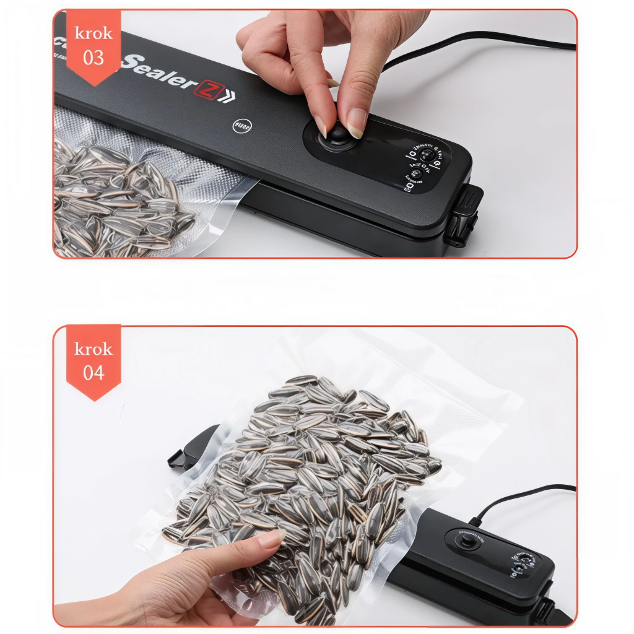 - Так, ущільнювач безпечний у використанні, а вакуумне пакування захищає їжу від бактерій і забруднення.
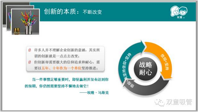 接著,當家人樓總就自身對(duì)創新本質及競爭本質的理解和大家(jiā)進行了分享。創新就是一點點改變,創新需要極大的信仰追求和耐心,需要以五年、十年作為一個單位堅持推進!而企業競爭的本質就是產(chǎn)品和服務差異化,有別於他人(rén),盡量建立無(wú)人能(néng)夠仿效的商業(yè)思維(wéi)和企(qǐ)業文化!
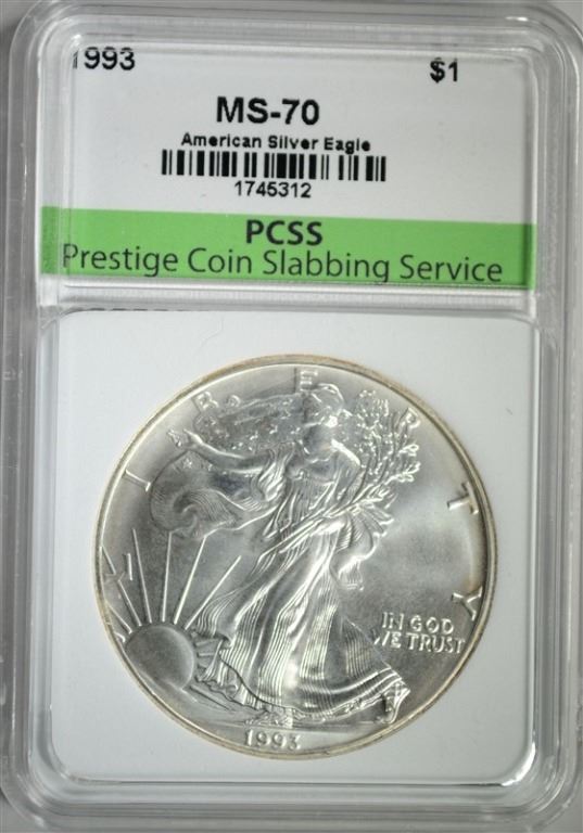 1993 AMERICAN SILVER EAGLE, PCSS PERFECT GEM PROOF ESTIMATE $1100 - $1250.
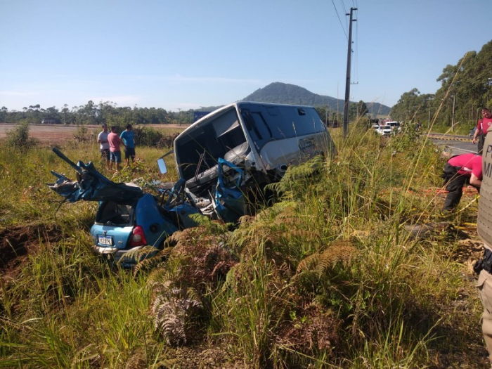 Um homem morreu vitima de uma colisão frontal na manhã desta quinta-feira, dia 2, na rodovia Governador Jorge Lacerda, acesso Sul de Criciúma. Ele estava em um veículo Renault Clio que chocou-se contra um ônibus que transportava universitários próximo a empresa Braspress (apenas referência).

- - -

- _DIRECTIONS_:
Starting with the line that contains "1993 AMERICAN SILVER", give the lines again exactly as they appear through the last line of the data, pictures excluded.

- _SOLUTION TO THIS PROBLEM_:
 1993 AMERICAN SILVER EAGLE, PCSS PERFECT GEM PROOF ESTIMATE $1100 - $1250.
 Um homem morreu vitima de uma colisão frontal na manhã desta quinta-feira, dia 2, na rodovia Governador Jorge Lacerda, acesso Sul de Criciúma. Ele estava em um veículo Renault Clio que chocou-se contra um ônibus que transportava universitários próximo a empresa Braspress (apenas referência).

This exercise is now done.